We know roughly what it costs to produce a book, and we can point to the areas where ebooks are cheaper than paper editions (no dead trees and ink, for one thing; no warehousing or distribution for another) and more expensive (downloads, website maintenance). But we don’t really know what an ebook is worth to the readers, because the market that could give us meaningful feedback on pricing has been strangled in the crib.

My take on ebooks is that they are — and should be seen as — the cheapest form of disposable literature.

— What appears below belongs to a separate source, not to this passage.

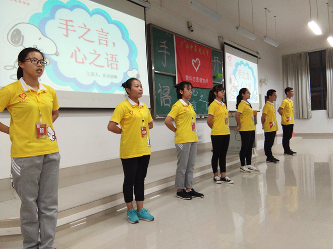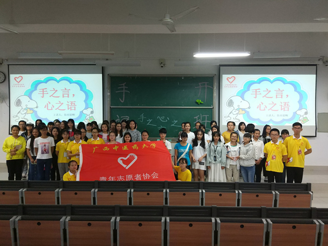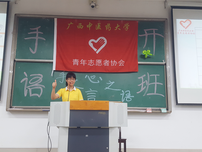 为了给全校师生提供一个学习手语的平台,2017年11月13日,广西中医药大学青年志愿者协会在广西中医药大学仙葫校区教学楼1-201开展了以“手之言,心之语”为主题的手语教学活动。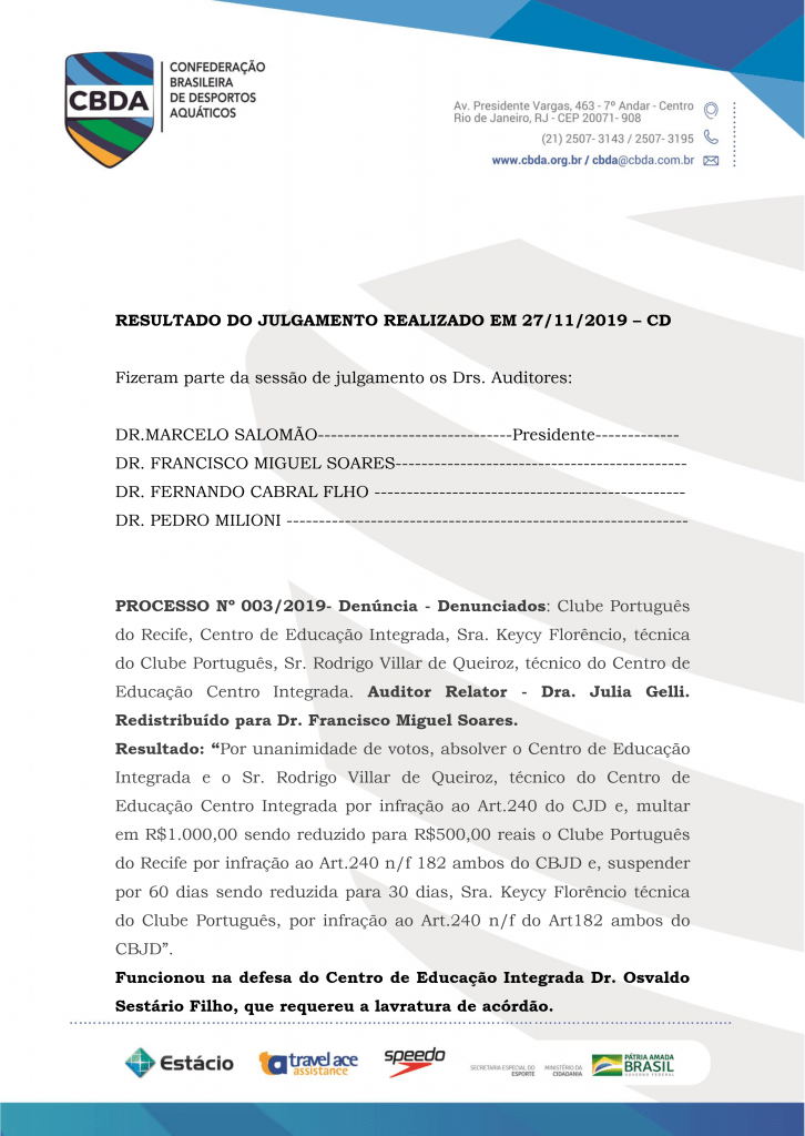 Resultado do Julgamento realizado em 27/11/2019

They’re not cultural artefacts (pace Cory Doctorow); you don’t buy them in signed, slipcased, limited editions. They’re like stripped mass market paperbacks without even the value-added of doubling as wood pulp wall insulation once you’ve read them.

Now, there exists within writing and publishing circles a neurotic fear that sooner or later (probably In Five Years’ Time — that seems to be the normal window) a cheap digital paper based ebook reader will come along, that makes the experience of reading text on a screen no different from the experience of reading a lump of dead tree stitched inside a piece of pigskin. And, as the horror story has it, we will be In Big Trouble, because the pre-existing availability of pirate ebooks will lead to enormous proliferation and a total crash in the value of books. Some pretty smart people believe this story, and the result has been to give it more credibility than it actually deserves. And it leads them to draw what I believe to be faulty conclusions. [...]

It’s the received, prevalent wisdom — and it’s a load of rubbish.